BFPP is a cobblestone-like cortical malformation of the brain. Disruptions of cerebral cortical development due to abnormal neuronal migration and positioning usually lead to cortical disorders, which includes cobblestone lissencephaly. Cobblestone lissencephaly is typically seen in three different human congenital muscular dystrophy syndromes: Fukuyama congenital muscular dystrophy, Walker-Warburg syndrome, and muscle-eye-brain disease. In cobblestone lissencephaly, the brain surface actually has a bumpy contour caused by the presence of collections of misplaced neurons and glial cells that have migrated beyond the normal surface boundaries of the brain. Sometimes regions populated by these misplaced cells have caused a radiologic misdiagnosis of polymicrogyria. However, the presence of other abnormalities in these cobblestone lissencephaly syndromes, including ocular anomalies, congenital muscular dystrophy, ventriculomegaly, and cerebellar dysplasia, usually distinguishes these disorders from polymicrogyria. There are no anatomopathologic studies that have characterized the pattern of cortical laminar alterations in patients with GPR56 gene mutations, but it has been suggested that the imaging characteristics of BFPP, including myelination defects and cerebellar cortical dysplasia, are reminiscent of those of the so-called cobblestone malformations (muscle-eye-brain disease and Fukuyama congenital muscular dystrophy) that are also associated with N-glycosylation defects in the developing brain.

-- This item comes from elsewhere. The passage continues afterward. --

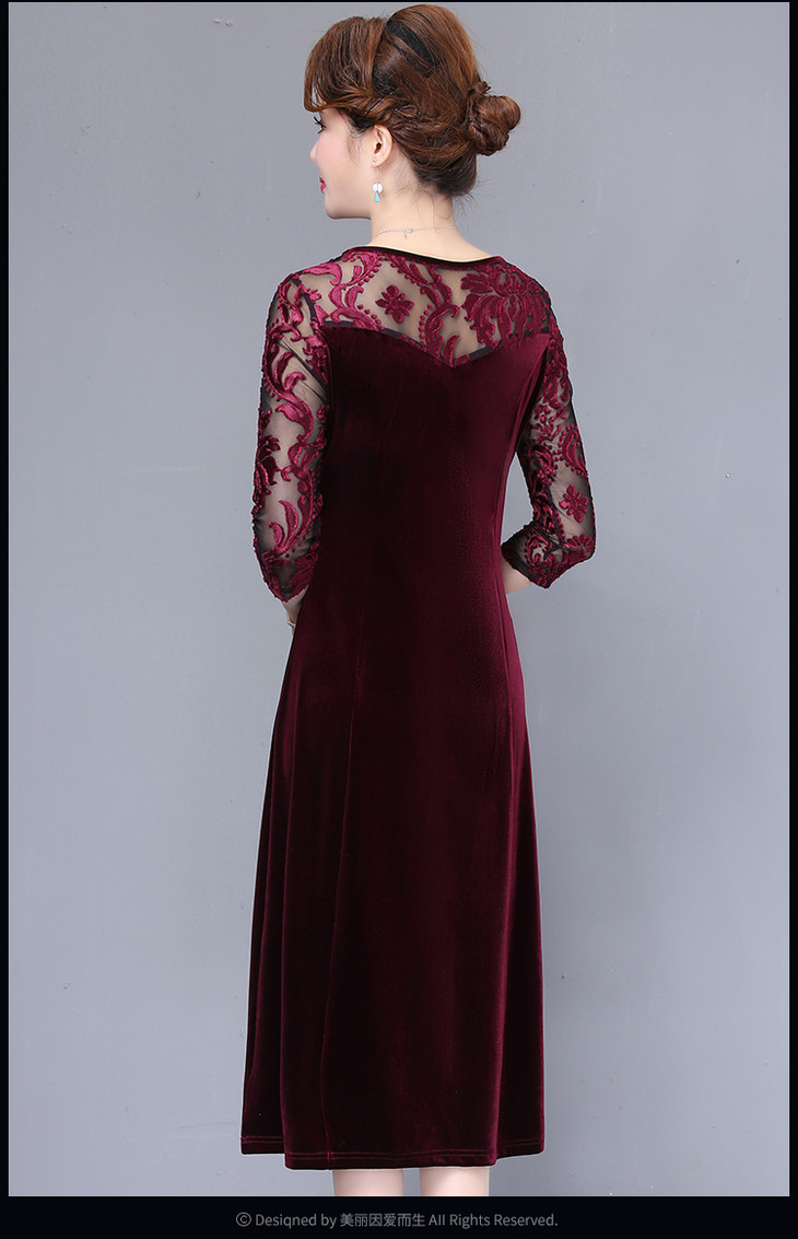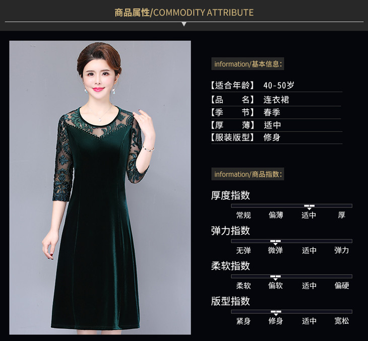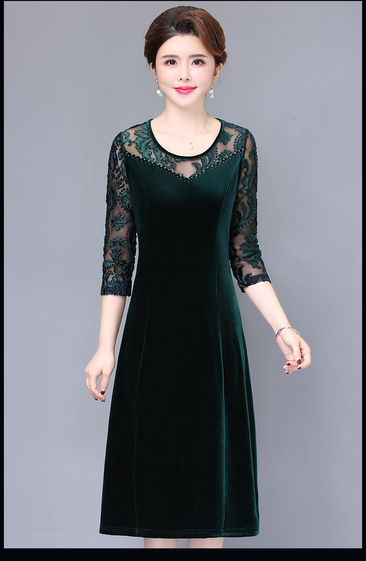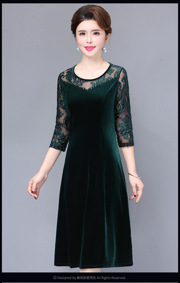 NP-85445新款洋气春秋金丝绒妈妈打底连衣裙

Lissencephaly ("smooth brain") is the extreme form of pachygyria. In lissencephaly, few or no sulci are seen on the cortical surface, resulting in a broad, smooth appearance to the entire brain. Lissencephaly can be radiologically confused with polymicrogyria, particularly with low-resolution imaging, but the smoothness and lack of irregularity in the gray-white junction, along with markedly increased cortical thickness, distinguishes lissencephaly.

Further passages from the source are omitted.